I have to admit that this is not a critical issue, so for the time being I'll just leave it to the user of my code to select the appropriate fields when requesting a factor, a character or a numeric type. I was hoping to provide subsetted selections of fields using "is.<class>" methods, but common sense should be enough: a line must sometimes be drawn between "blame-the-programer" and "blame-the-user" scenarios ;)

Thanks for the answer!

Kevin

ADD REPLY • link 8.0 years ago kevin.rue ▴ 350

score 0 · Answer 1 · 2016-05-11

I thought maybe a better approach would be to let R do the guessing about type, using whatever logic it has built in to read.delim(). I started by unlisting the CSQ field to a plain-old character vector

csq <- unlist(info(vep)$CSQ)

The column headers can be added from the vcf object

headers <- sub(".*Format: ", "", info(header(vep))["CSQ", "Description"])
csq <- c(headers, csq)

The resulting character vector can be read in through a textConnetion()

input <- read.delim(textConnection(csq), sep="|", stringsAsFactors=FALSE)

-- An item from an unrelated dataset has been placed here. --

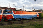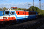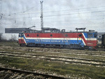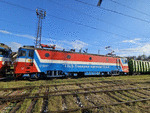 A private electric locomotive with number 91 52 70 46 016 - 9, owned by private operator TPPBD ("Termo Power Plant Bobov Dol") at railway station Filipovo with freight train.
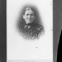Glassplaten er skannet og behandlet av Fotohuset, Drammen. Antagelig fra Vestfossen. Hun var gift med Oluf Olsen. Rolf Borge, Oddmund og Kjell Aaserud's farmor -

(reading from a text connection used to be slow for large objects; a work-around would be writeLines(csq, fl <- tempfile()); read.delim(fl, ...)). This gave me

> input[3:4, 1:13]
  Allele           Consequence   IMPACT SYMBOL            Gene Feature_type
3      G upstream_gene_variant MODIFIER  PSMF1 ENSG00000125818   Transcript
4      T upstream_gene_variant MODIFIER  PSMF1 ENSG00000125818   Transcript
          Feature        BIOTYPE EXON INTRON HGVSc HGVSp cDNA_position
3 ENST00000381899 protein_coding   NA           NA    NA            NA
4 ENST00000381899 protein_coding   NA           NA    NA            NA
> sapply(input, class)
            Allele        Consequence             IMPACT             SYMBOL 
       "character"        "character"        "character"        "character" 
              Gene       Feature_type            Feature            BIOTYPE 
       "character"        "character"        "character"        "character" 
              EXON             INTRON              HGVSc              HGVSp 
         "logical"        "character"          "logical"          "logical" 
     cDNA_position       CDS_position   Protein_position        Amino_acids 
         "logical"          "logical"          "logical"          "logical" 
            Codons Existing_variation           DISTANCE             STRAND 
         "logical"          "logical"          "integer"          "integer" 
             FLAGS      SYMBOL_SOURCE            HGNC_ID 
       "character"        "character"        "character"

(Columns with all NAs are of class logical(); some of these don't seem to make sense). I then coerced the plain-old-data.frame to a DataFrame, so that I could get back the original geometry (using relist()) and replace the CSQ field

info(vep)$CSQ <- relist(DataFrame(input), info(vep)$CSQ)

The main advantage is that the rules for guessing about column classes are consistent with R's.

(I think this has ended up more a question than tutorial, so I'll re-assign it).